On the technological front, AT&T opened the first commercial long-distance phone line from New York to Chicago. It could only handle one call at a time, and the price was steep, even by today’s standards–$9.00 for the first five minutes.

Americans were humming Daisy Bell (a.k.a., Bicycle Built for Two) and the world was introduced to Sherlock Holmes and Dr. Watson when Arthur Conan Doyle published The Adventures of Sherlock Holmes, naming the main character for Oliver Wendell Holmes.

In sports, the first official basketball game was played. The first nets were actually peach baskets. No word on who won the game.

7 thoughts on “The Year Was 1892

  1. I love the articles that show what happened during a year that was significant to research on an ancestor. A previous article about the conditions in New York City in 1853 was greatly appreciated. Keep up the good work!

  2. I was fascinated to see the photo of children in Lucky Strike, Alberta. My great-grandparents homesteaded there from about 1900 to 1917, when they returned to Kentucky. Their names were John William Dearinger and Sarah Ann (Atha) Dearinger. Their daughter Izora was the only one to stay in Alberta. She married Bert Roe in Alberta and their descendants still live there.

  3. That was the year my maternal grandmother, Hattie Jones, graduated from college! It was the old New Albany (IN) Business College. I have her graduation photo, but it’s much too large to scan, however she did list all her fellow graduates on the back! She was the great grandaughter of Dr. Peter Trisler, one of Kentucky’s pioneer physicians!

  4. I enjoy very much these articles on the different centuries. My Dad was born January 25, 1892. He started to school in 1898 and went through the Sixth Reader, which was the equivalent of an eighth grade education at that time.

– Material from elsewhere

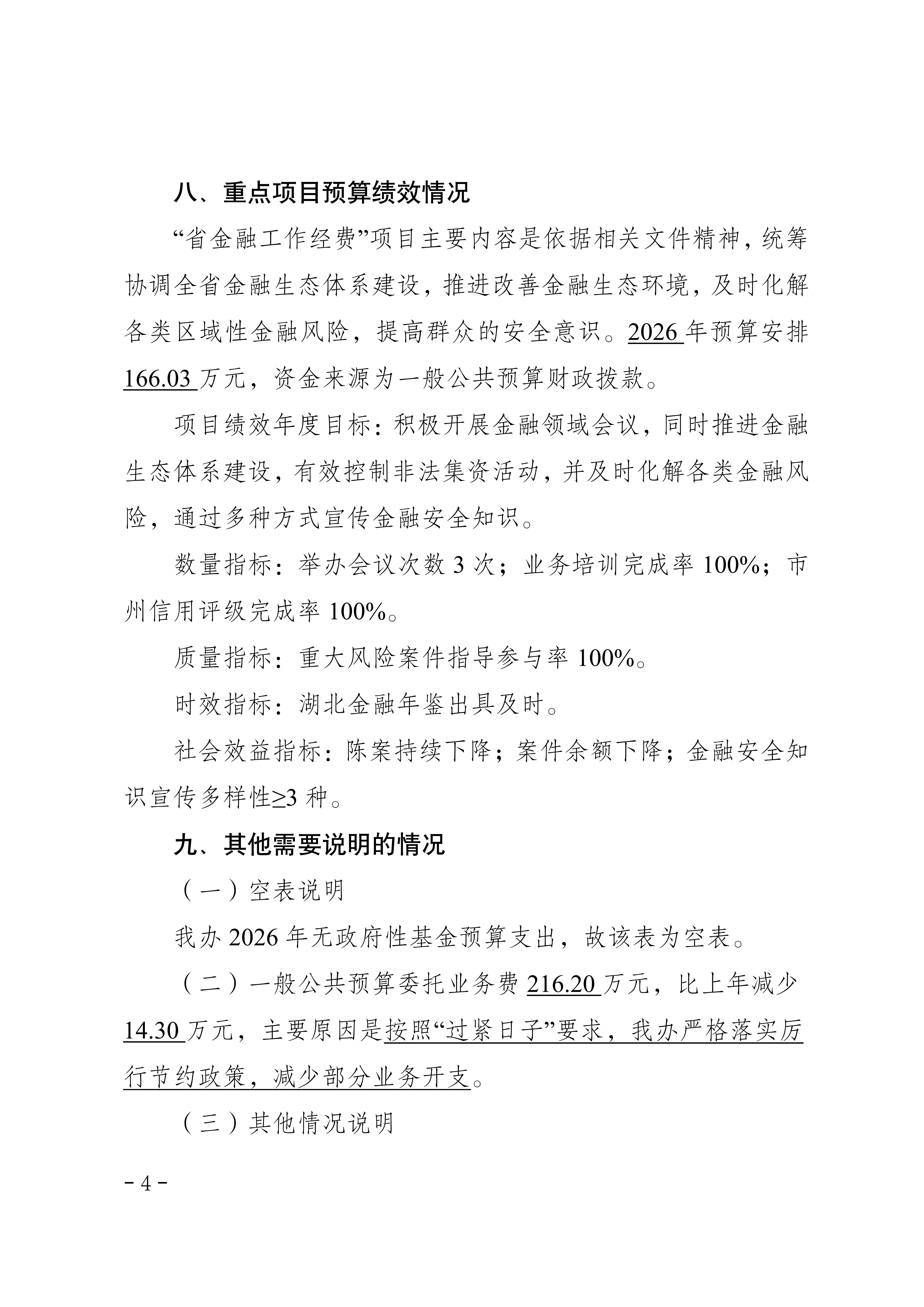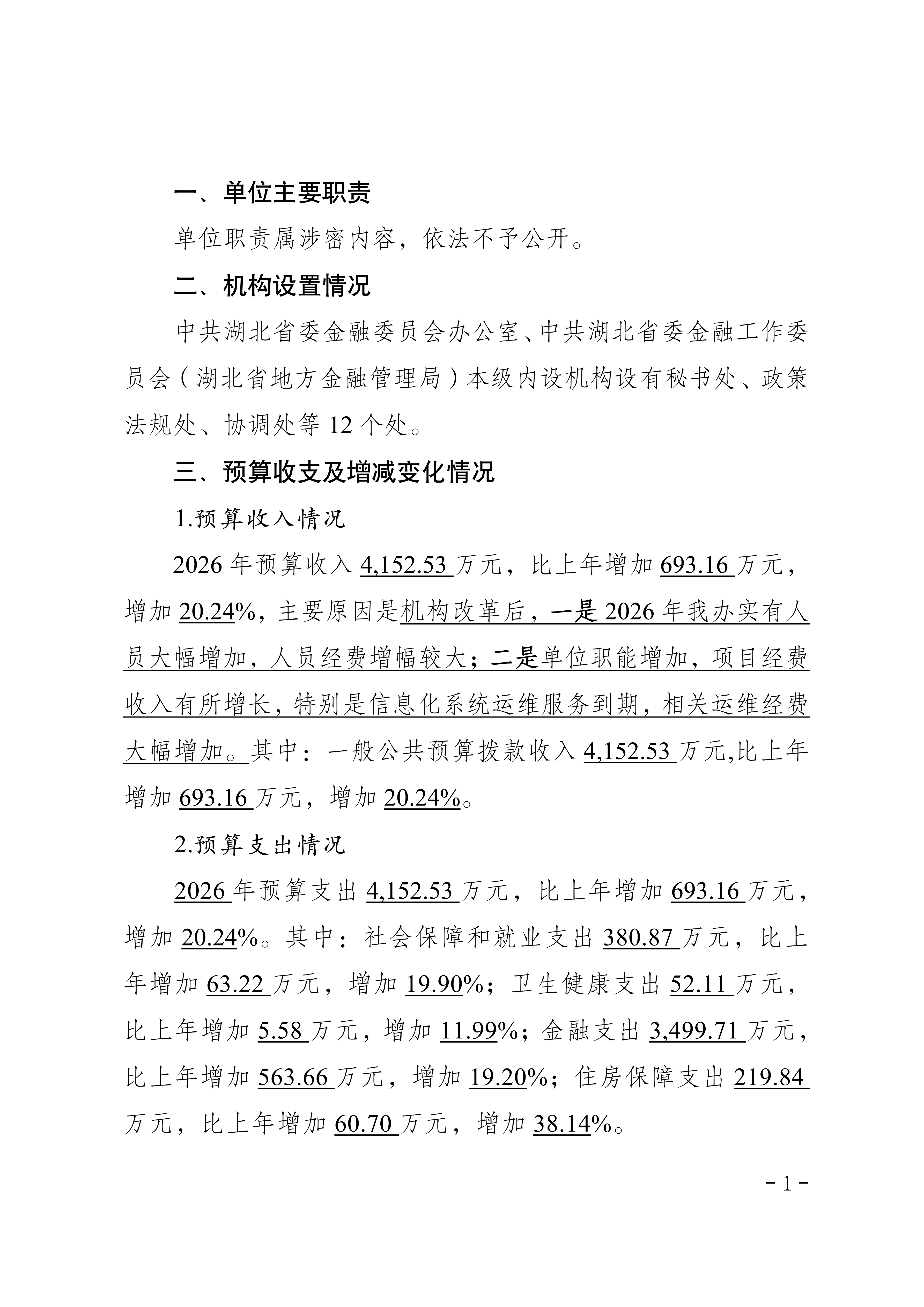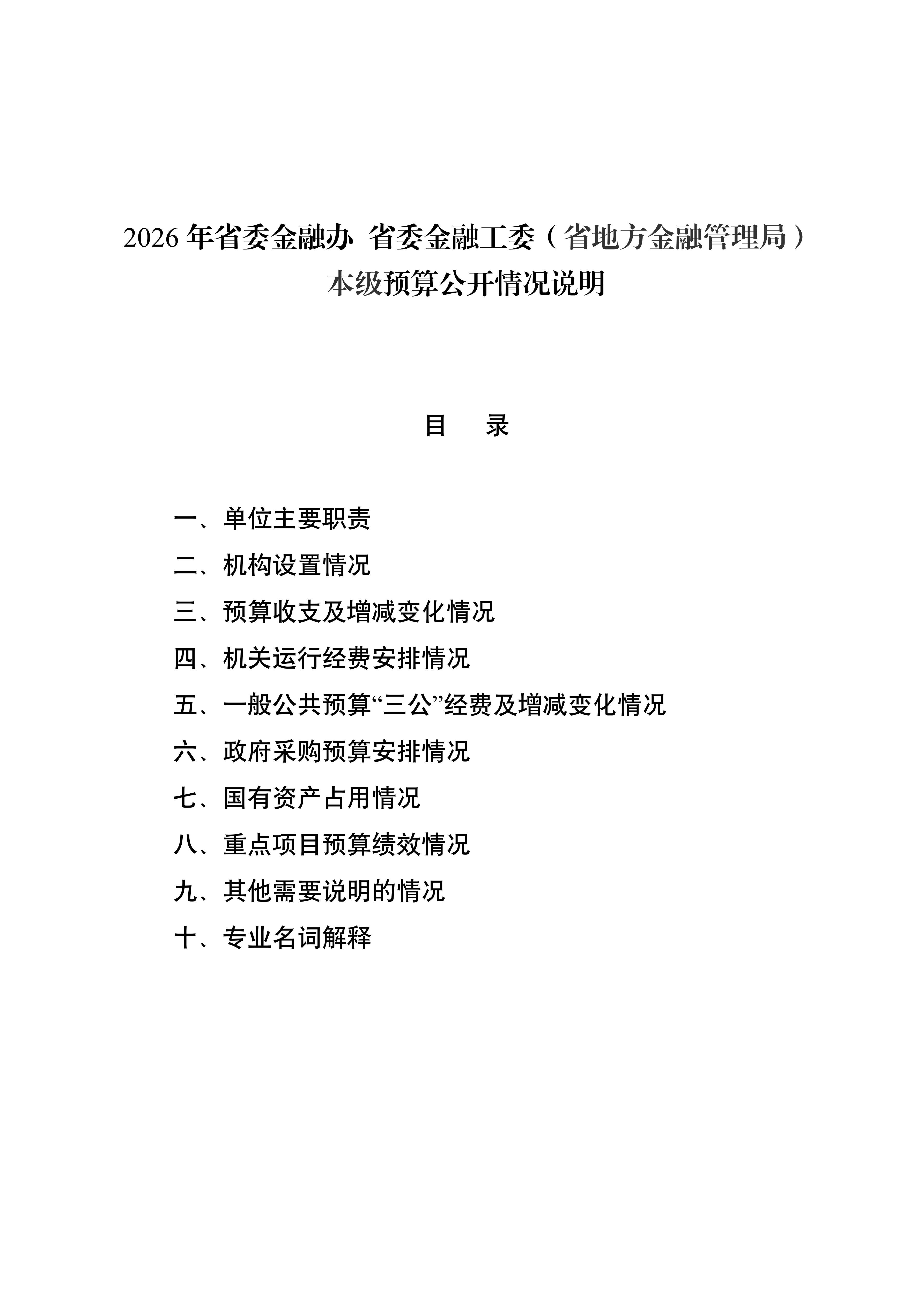 2026年省委金融办 省委金融工委(省地方金融管理局)本级预算公开情况说明

The Milnes Arithmetic books and the Franklin readers were being used at that time and I have copies of all the originals of both of these as well as copies of many other school books back to 1845, which is a Milnes algebra book and is leather-bound.
    I especially appreciate the historic events of each of the years. I’m a genealogical researcher and a history buff.

  5. Why are the recent “The Year Was . . .” all reprints of past articles? Will you be doing any new ones soon?

  6. It should be noted that physical restoration has begun on the Ellis Island. It is being carried out by a company called Paragon Restoration from Kenilworth, NJ. Without this important work we would have records but we would loose a huge part of our Hisory.